Having been in bands with his twin brother Dan since the age of 13, Tom’s impact on British music has been built from the ground up. His dedication to get his music heard is evident in the fact that Architects have spent most of their lives taking their instruments everywhere and crushing venues with their extraordinary sound. Even whilst at his weakest in the last couple of years, battling his horrific disease, Tom was resilient enough to continue playing some of the band’s largest festival shows. He was clearly doing exactly what he loved and nothing was stopping him from performing his songs for the many adoring Architects fans. His songwriting ability has certainly gone underappreciated due to the underground nature of his music scene, but Tom had never been one to deviate from his heavy roots. Admirably, Tom and the rest of the band are fairly scathing of their more commercial hits on 2011’s The Here and Now, returning to the style of Hollow Crown in the last three albums. Daybreaker was a tour de force and Lost Forever // Lost Together finally cemented the band as the masters of UK metal, selling well and just generally being a badass album. Almost exactly five years since my first Architects gig, I saw them again at The Roundhouse as part of the biggest crowd that they had ever had. Seeing vocalist Sam Carter crying at the show’s end displayed the band’s admiration for what they do, and it was truly humbling to see how far they had deservedly come in the space of five years. Transforming from young hardcore go-getters to a masterful metal unit, Architects are one of my most valued bands. It’s unbelievably sad knowing that if or when I see them live again, the backbone of their sound, Tom Searle, will not be there headbobbing to breakdowns or finger-tapping his guitar with aplomb.

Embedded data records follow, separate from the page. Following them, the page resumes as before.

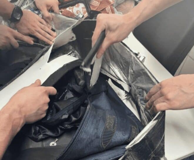 Durante a abordagem, foram encontrados envelopes contendo a substância cocaína, escondidos nas paredes da mala de viagem. Diante dos fatos, o indivíduo foi preso em flagrante por tráfico de drogas.
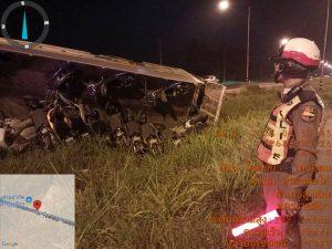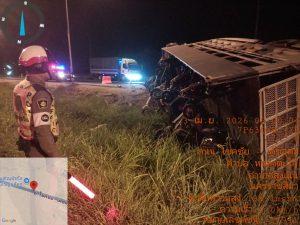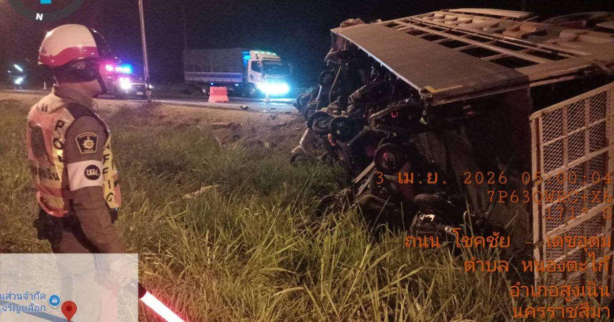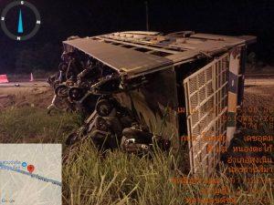 สน.60 พร้อมชุดจราจรอำนวยความสะดวกการจราจรและช่วยเหลือผู้บาดเจ็บ เหตุ ว.40 ถนนสาย 24 ตรวจสอบเบื้องต้นเป็นรถ 6 ล้อบรรทุกรถจักรยานยนต์พลิกคว่ำด้วยตนเองบริเวณร่องกลางถนน / มีผู้บาดเจ็บบริเวณหัวไหล่ซึ่งเป็นคนขับกู้ชีพหนองตะไก้นำส่งโรงพยาบาลสูงเนิน การจราจรไม่ติดขัดสามารถเดินรถได้อย่างต่อเนื่อง
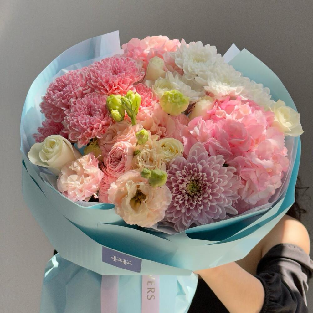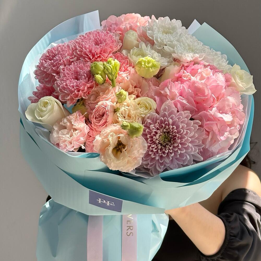 Chrysanthemum bush - 3 pcs Chrysanthemum one - headed - 1 pcs eustoma pink terry - 3 pcs mixed bouquet of flowers - 15 pcs hydrangea Royal - 2 pcs roses ecuador - 7 pcs aqua paper - 5 pcs
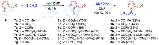Thus, the alkylation of 6 with alkyl bromoacetates 7a and 7b under basic conditions produced the series of N-substituted pyrroles 8a [40] and 8b in good yields (Scheme 2). Similarly, the reaction of 6 with the series of bromoacetophenones 7c–f generated 8c–f, and the reaction of 6 with bromoacetonitrile (7g) gave pyrrole 8g. The thermal treatment of 8a–g with N,N-dimethylformamide dimethyl acetal (DMFDMA) afforded the series of enaminones 1a–b and 2a–d in acceptable yields as a single Z isomer, as well as enaminone 3a as an inseparable mixture of Z/E (54:46) isomers (Scheme 2).
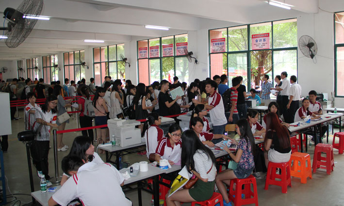 校园内,报到及缴费大厅人头攒动,秩序井然。迎新工作人员个个精神抖擞,热心解答新同学及家长们的咨询问题。新生行李服务点的学生志愿者们热情帮助新生们搬运行李,相互协作,服务到位,赢得了新生及家长们的良好赞誉。同时,在广州市各车站点的负责老师、学生志愿者们均早出晚归,严谨细致,不辞劳苦,不畏高温,周全的服务确保了新同学和家长能够安全、顺利地来到学校。
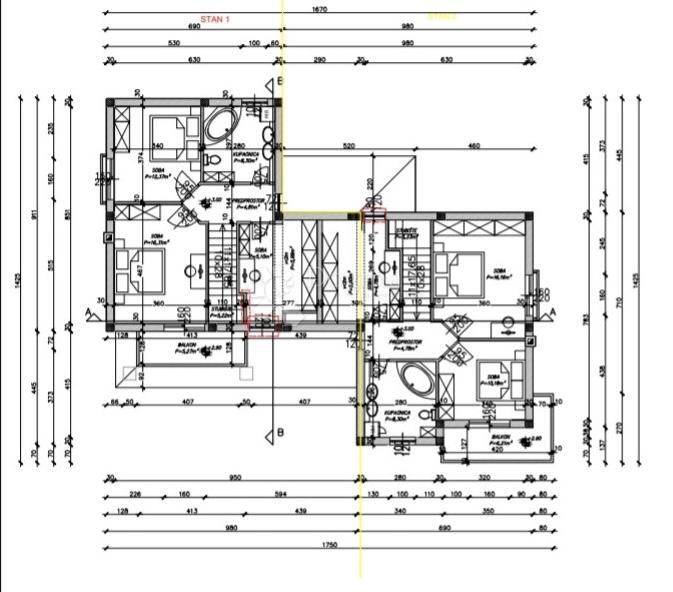 -1.KAT: 3 spavaće sobe od kojih glavna ima izlaz na terasu, veliku kupaonicu te stubište i pretprostor.
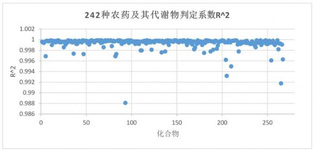 基于新的 QuEChERS 前處理方法,對樣品進(jìn)行高效提取與凈化處理,采用 TSQ 9610 三重四極桿氣質(zhì)聯(lián)用儀完成了242種農(nóng)藥及其代謝物的系統(tǒng)方法學(xué)驗證,充分驗證了方法的靈敏度、準(zhǔn)確性和穩(wěn)定性:
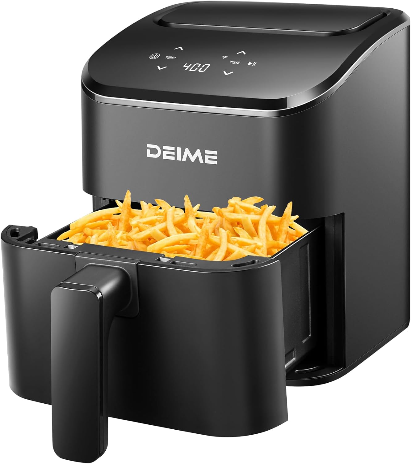 The DEIME 3 Qt Digital Air Fryer is designed for compact, efficient cooking. It features a digital control panel for precise temperature and time adjustments, and a non-stick, dishwasher-safe basket for easy cleaning.
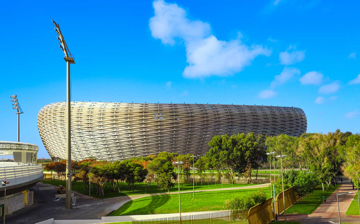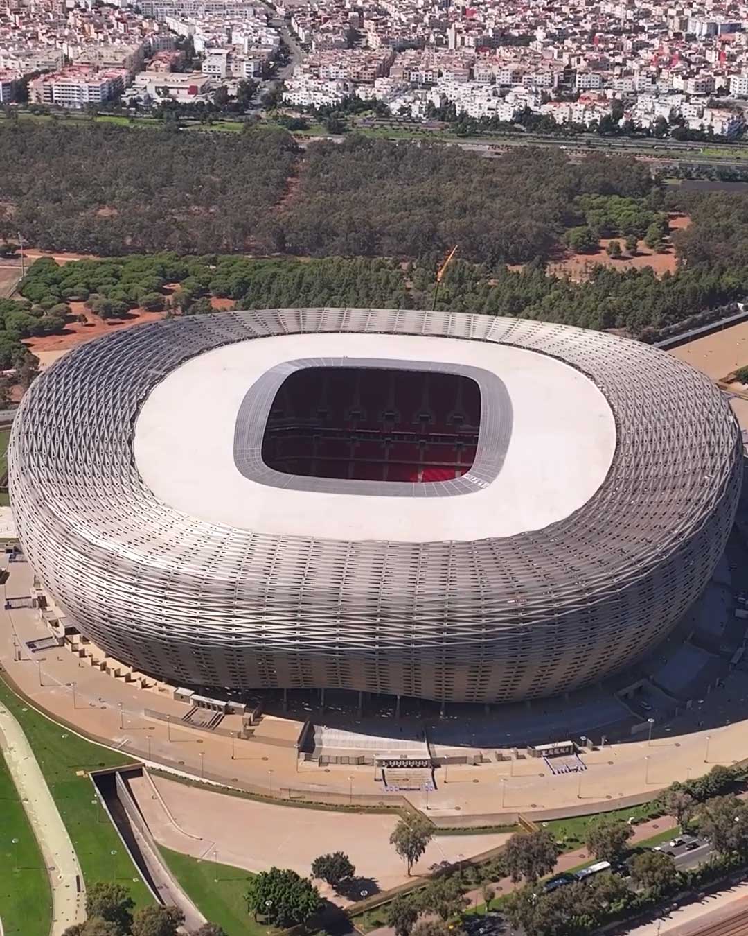 Progettato da Populous, lo stadio – che riqualifica interamente quello originale costruito nel 1983 per i Giochi del Mediterraneo – ha una capienza di 68.700 posti e si distingue per il design parametrico della facciata, composta da 19.200 triangoli di alluminio color champagne, ciascuno unico nelle dimensioni, ispirati alle palme che si allineano lungo i grandi viali di Rabat e all’artigianato tessile locale.
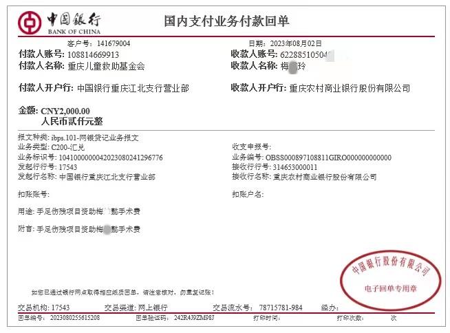 开户单位:重庆儿童救助基金会 | 开户银行:中国银行重庆江北支行 银行账号:1088 1466 9913
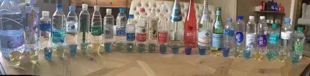 图片上,二十几种市面上常见的品牌瓶装水一字排开,每瓶水前面还摆着一个小杯子,杯子中的水呈现颜色深浅不一的蓝色和黄色。
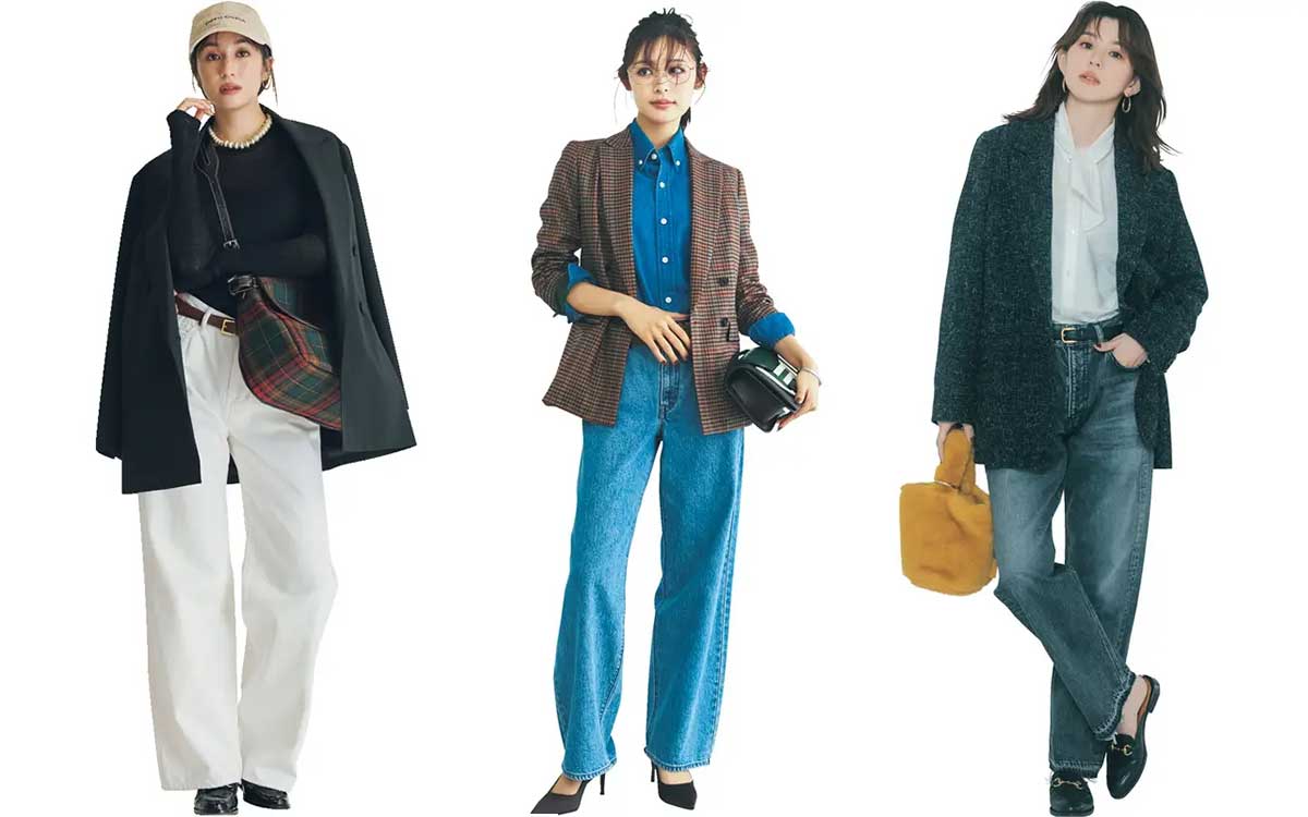 こっくりとした色味や厚手のアイテムが増える秋冬は、どうしてもほっこりとした印象にまとまりがち。すっきりと肩の力を抜いたこなれ感が欲しいときは、ジャケットスタイルをデニムで程よくカジュアルダウンしてみては? ジャケットやトップスの色や柄で季節感も演出してみて。
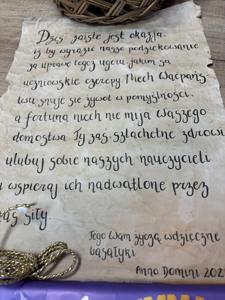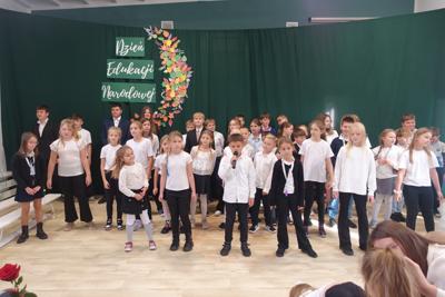 Z tej okazji uczniowie oraz przedszkolaki kościeleckiej placówki przygotowali uroczystość pełną wzruszeń i radości. W programie znalazły się piosenki oraz humorystyczne scenki z życia szkoły, które wywołały wiele uśmiechów i pozytywnych emocji. Nie zabrakło także ze strony uczniów słów wdzięczności i serdecznych życzeń dla wszystkich pracowników Zespołu Placówek Oświatowych za ich codzienny trud, zaangażowanie i serce wkładane w pracę z dziećmi.
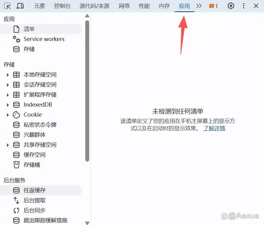 按 F12 切换到 应用 标签
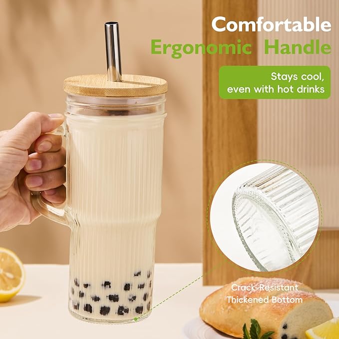 • Two Lid Options, One Easy Choice:Includes bamboo and plastic lids, plus two reusable stainless steel straws, so your glass cups are ready for smoothies, iced fruit tea, or cold brew—whatever you’re craving.
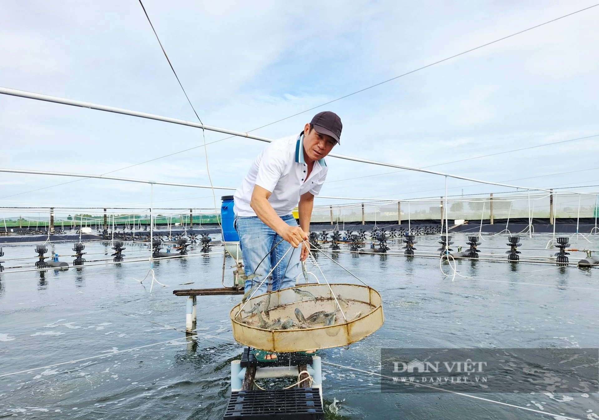 Nông dân Võ Văn Sơn bên đìa tôm xã Phước Dinh, tỉnh Khánh Hòa (Ảnh: Bùi Phụ, Báo Dân Việt)

Of course, I did not know Tom personally, but the support for his family and bandmates from fans and musicians the world over shows how much he was adored by many, and the impact he had in such an incredible musical community. The band have stated that they will continue their planned live shows in honour of their friend, a tough task, but it will undoubtedly unite the band and their fans like never before. I also sincerely hope that they will continue to make music, as they have stated they will only do so if they “truly believe that it is something that Tom would have been proud of.” Their latest album, All Our Gods Have Abandoned Us, remains one of my favourite releases of 2016, and has become even more poignant as Tom’s last work of art. The eight-minute closer Memento Mori serves as his magnum opus, its title translating to ‘be mindful of death’, a true statement to Tom Searle’s stoicism during his battle with cancer. He has left behind an insanely consistent collection of heavy tunes that I will love forever, as well as many a hilarious interview during his time in Architects, delivering tongue-in-cheek responses in a David Brent-esque manner. What a man.
Without musicians such as Tom Searle, the musical discovery in my teenage years would perhaps not have happened at all. I certainly wouldn’t have been playing music, or even writing music-based articles like this one. RIP Tom Searle, a true artist that has influenced myself as well as an entire scene; a feat that few others can claim to have done. Thank you for the music.